Он же просто встал посреди комнаты, дожидаясь неминуемого наказания. Прямой в плечо, хук в подбородок. Его безответность вывела меня из себя, и я с новой силой ударил его головой в живот. Он покачнулся, сделал шаг назад, я бросился на него, пытаясь обхватить и повалить на пол, но, в конце концов, его покорность обезоружила меня. Я толкнул его кулаком на кровать и сел сам рядом.
— Идиот! Если тебе так хочется покататься на моем велике, надо было попросить, я бы тебе давал иногда. Всяко умнее, чем дырявить колеса!
Он покачал головой. Его молчание бесило меня, и я готов был опять взорваться, как вдруг мне в голову закралось сомнение.

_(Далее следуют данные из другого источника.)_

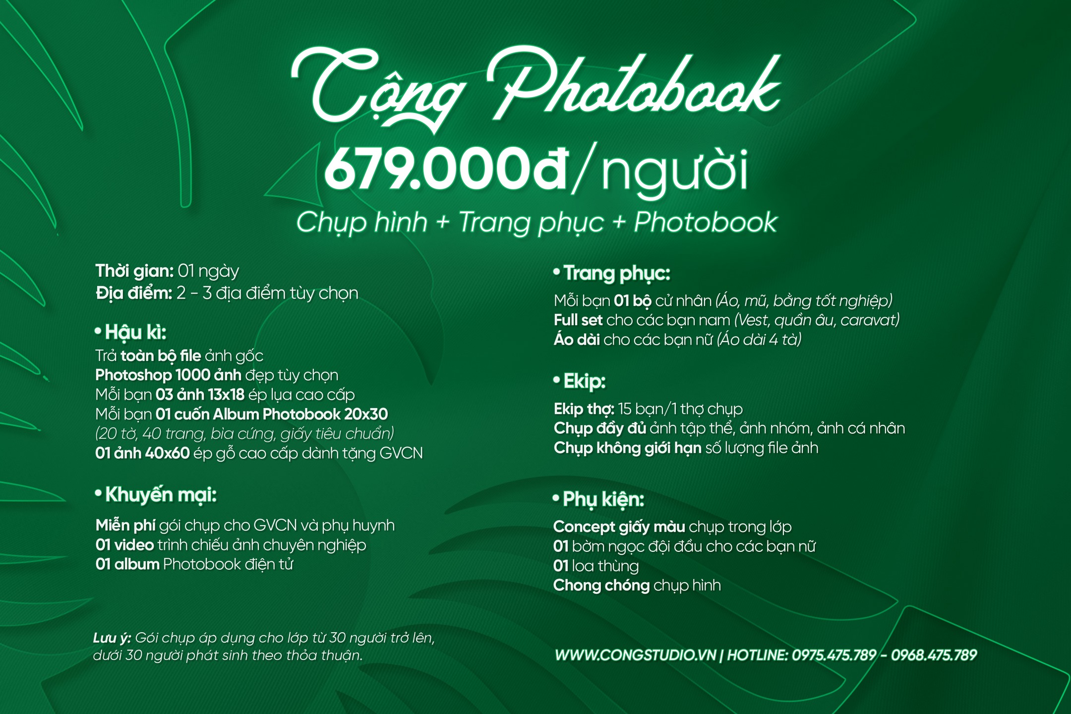 Hãy liên hệ Cộng Studio ngay để được tư vấn miễn phí! Hotline: 0975.475.789 / 0968.475.789 | Fanpage: Chụp Ảnh Kỷ Yếu – Cộng Studio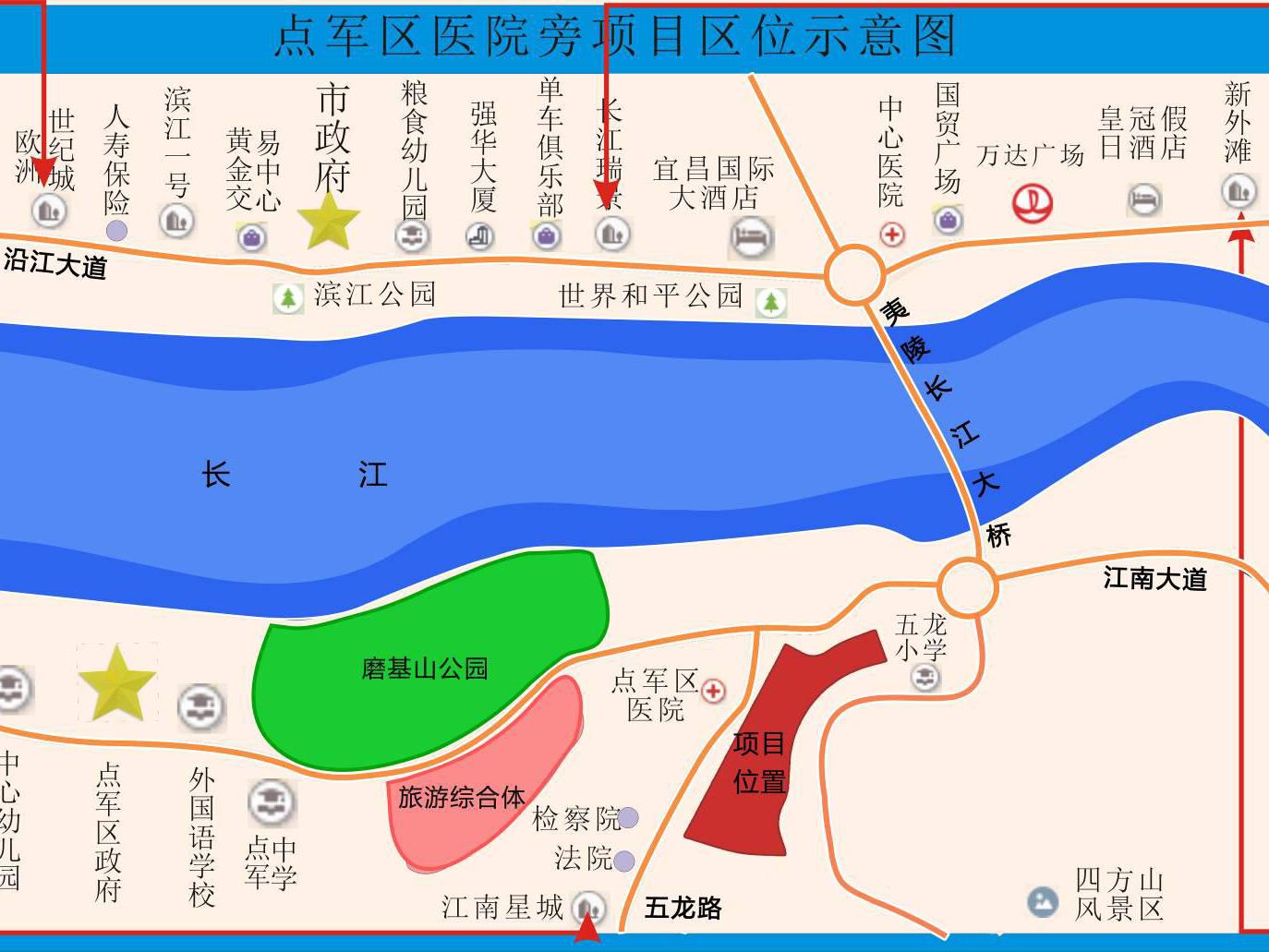 4、地块周边,行政机关聚集;距离地块不远即是长江江堤和全民健身体育中心。新老城区资源共享,人口密度大,“文卫体教”各种要素一应俱全,人气旺盛,极具开发价值。

— Какой же я болван! — закричал я, наклонившись к нему и попытавшись его обнять. — До меня дошло! Это… из-за Нерины, да? Как же я сразу не догадался!
Ни мои обещания больше не встречаться с Нериной, ни мое предложение вступиться за него в случае, если она сочтет его еще маленьким, не увенчались успехом. Он отвел взгляд и уставился с угрюмым видом в потолок.
— Ну ладно, — сказал я, исчерпав аргументы, — если ты не веришь, что я не злюсь на тебя, то почини велосипед, а я клянусь, что ничего не расскажу маме.
— Да мне плевать, что она узнает, — выдавил он из себя, приподнявшись на локте.
— Что она узнает, что? — спросил я, сбитый с толку.
Я ни секунды не сомневался, что если я ничего не скажу маме, то сведу на нет все его попытки отделаться от закрепившегося за ним образа доброго, послушного, но бестолкового мальчика.
Он растерянно посмотрел на меня, упал на подушку, зарылся в нее лицом и заплакал.
Я часто не понимал его, даже когда он заявил нам, спустя какое-то время после этой истории с велосипедом, что его другу, Эрмесу Парини, очень повезло, потому что его отправили на украинский фронт. Мы едва закончили ужин и уже обсасывали косточки провонявшего тиной карпа.
— Сиди, молчи, балда! — сказала мама. — Знал бы ты, какая страшная в России зима, как там люди прячутся в брюхе мертвых лошадей, чтобы не умереть от холода!
— Не слушай эти мамочкины сказки, Гвидуччо! (Такие шуточки — не злые! — были в ходу за семейным столом.) Просто итальянец, который решил сражаться на стороне немцев, ведет себя как лакей Муссолини.
— Эрмес — мой друг. Я не позволю тебе… — огрызнулся он на меня, но скорее из чувства дружбы к Эрмесу, нежели из чувства противоречия ко мне.